Гвоздь вошел в камеру с матрацем под мышкой. Дверь за ним захлопнулась, он осмотрелся, пока не проходя дальше внутрь и продолжая держать матрац. Четыре глаза уставились на него в упор со своих шконок. Здесь каждый считался лишним, ибо камера частично проветривалась, когда открывалось небольшое оконце для обеденных тарелок, на шмоне между дежурными сменами. А в остальное время писать, какать и пукать - всё в камере без форточек и проветриваний. Спертый тюремный воздух сразу шибанул в нос, хотя настоящего с куревом и множеством потных тел Гвоздь так и не почувствует никогда.
Домбровский понял, что здесь он обоснуется надолго. Возможно, на год и больше. Следствие, суд... никто торопиться не станет.

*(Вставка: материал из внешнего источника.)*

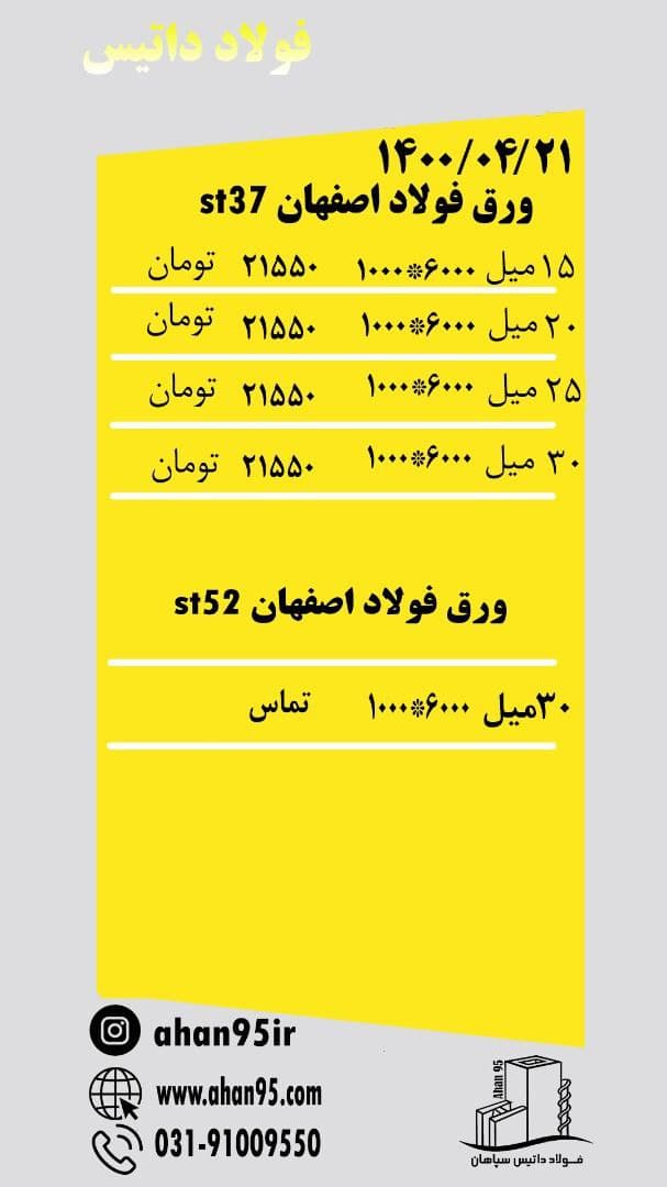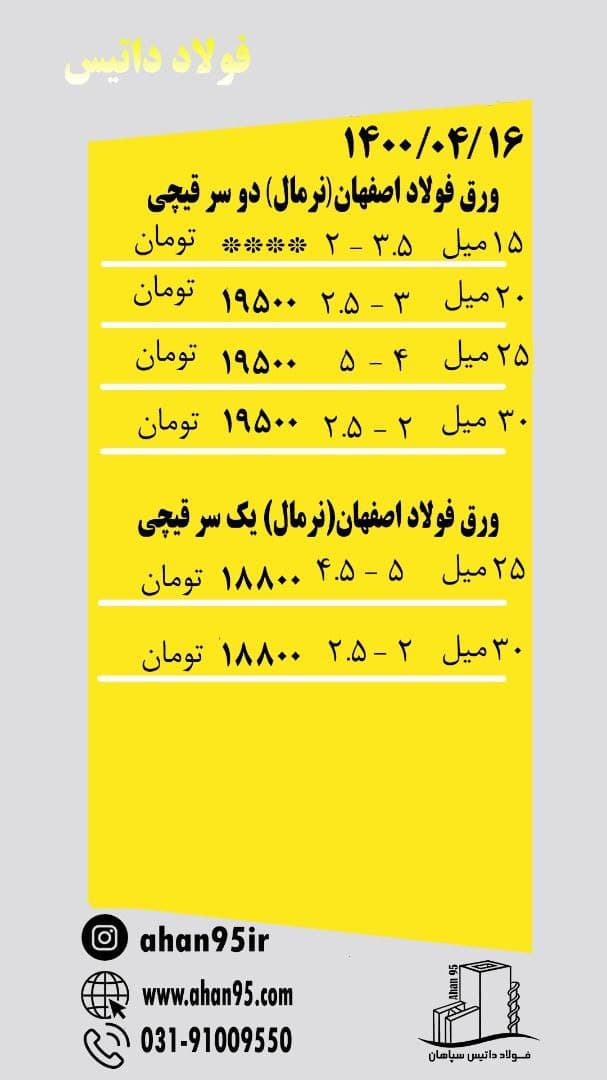 [ Photo ] 📅پنج شنبه 1400/04/17 #ورق 📛موجودی ورق 📛 ❗️بارگیری از انبار تهران ❗️ برای مشاهده محصولات کلیک کنید ↪️ https://t.me/ahan95ir ↩️ ↪️ www.ahan9 ...

Он уперся взглядом в сорокалетнего крепкого мужчину в углу у окна.
- Теперь это мое место, вали отсюда, - властно произнес Гвоздь.
Мужичек ухмыльнулся, взглянув на дряхлого старичка за шестьдесят лет. Ничего не ответил, отвернувшись.
Его игнорируют - такого Гвоздь позволить не мог. Он бросил свернутый матрац на свободную койку и быстро направился в угол к окну. Мужчина повернулся к нему, видимо, желая урезонить старичка, но тот внезапно схватил его за нижнюю губу. Что за прием такой необычный? Обезумевшие глаза мужика смотрели на новенького, руки метались, то хватая, то отпуская старческую кисть, вцепившуюся мертвой хваткой в губу двумя пальцами и готовую отделить ее от кости. Старик водил его за губу, словно собаку за поводок, и мужчина, повинуясь каждому движению, уже мычал что-то нечленораздельное, но понятное. Он повиновался и был готов переместиться хоть на парашу.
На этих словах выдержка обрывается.